SE506727C2 - Shunt valve in a circulation-type breathing system - Google Patents

Abstract

An anaesthesia breathing circuit of a circle, rebreathing type comprising an endotracheal tube (1) to be installed into the airway of the patient, two breathing hoses (3, 4) attached to the tube via a Y-piece (2) and continuing to a carbon dioxide absorber (5) where one-way valves (6, 7) are placed to lead the gases in the circuit in a circular manner through the absorber (5) and back to the patient. In the circuit there are possibilities of giving ventilation to the patient either manually or by using a mechanical ventilator (9) and for supply of fresh gases. A shunt line is arranged to have some of the expiratory gases to bypass the absorber (5) and in this line there is a shunt valve (11) for regulating the flow that bypasses the absorber (5).

Description

506 727 2 is significantly easier to exhale carbon dioxide than to oxygenate the lungs. This constitutes a con fl ikt, which often ends up accepting too low a carbon dioxide pressure in the blood than that, which gives the blood its normal pH value.

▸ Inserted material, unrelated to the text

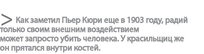 Можно сказать, что радий выискивает кости, подобно кальцию; а человеческое тело запрограммировано направлять кальций прямиком к костям, чтобы их укреплять… По сути, радий выдавал себя за кальций, и, будучи обманутым, организм откладывал его внутри костей.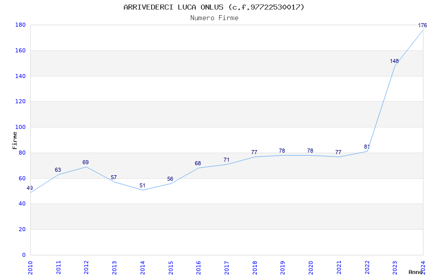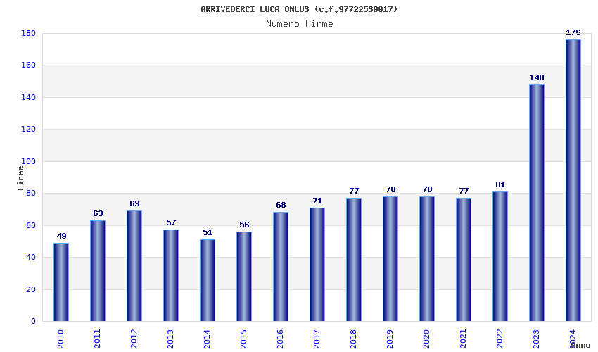 | Anno | Firme | Importi | Media | Naz. | Reg. | Prov. | Comu. |

A patient under anesthesia is usually endotracheally intubated, which means that a tube or tube, usually made of plastic, with an inflatable balloon cuff lowered into the trachea. The tube in its luck is connected to an anesthesia system's respiratory system, which consists of tubes, valves and a device for purifying the exhaled gases with respect to carbon dioxide, e.g. a container with carbon dioxide absorbing lime. Such known and used respiratory systems are preferred of two kinds, a so-called circular systems with carbon dioxide absorption and a partial re-breathing system without carbon dioxide absorption.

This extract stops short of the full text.